One thing that is still stuck in my mind is the line “this could take up to 10 years of your life”. I was in so much pain and I was sick of taking so much medicine that was making me sick in other ways. I really wanted to stop having operation after operation.

Operation 9. On the 2nd of August 2017, I had a total hysterectomy. I had everything except my right ovary removed. I must admit I felt strange, my belly felt empty, but I immediately felt like I had less pain.

It was the best thing I did for my pain. I felt like I had recovered from this operation fast and everyone (including myself) was amazed at how well I was doing physically afterwards. Ten days post op, I was able to stop all the pain medication I had been on!

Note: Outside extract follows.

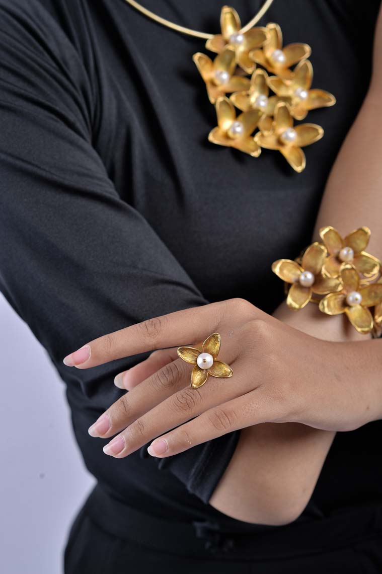 CINCIN KEMUNIING MEMPUNYAI BENTUK MENYERUPAI BUNGA KEMUNING YANG DIHIASI DENGAN MUTIARA AIR TAWAR

This was massive for me!!! No more pain killers! Or so I thought. My right ovary didn’t “wake up” after my hysterectomy and I began experiencing stronger menopause symptoms. I knew the obvious symptoms after having chemical menopause. This led me to the journey of figuring out and starting my first lot of Hormone Replacement Therapy (HRT). I also came to the realization that it takes up to one year to fully heal from a total hysterectomy.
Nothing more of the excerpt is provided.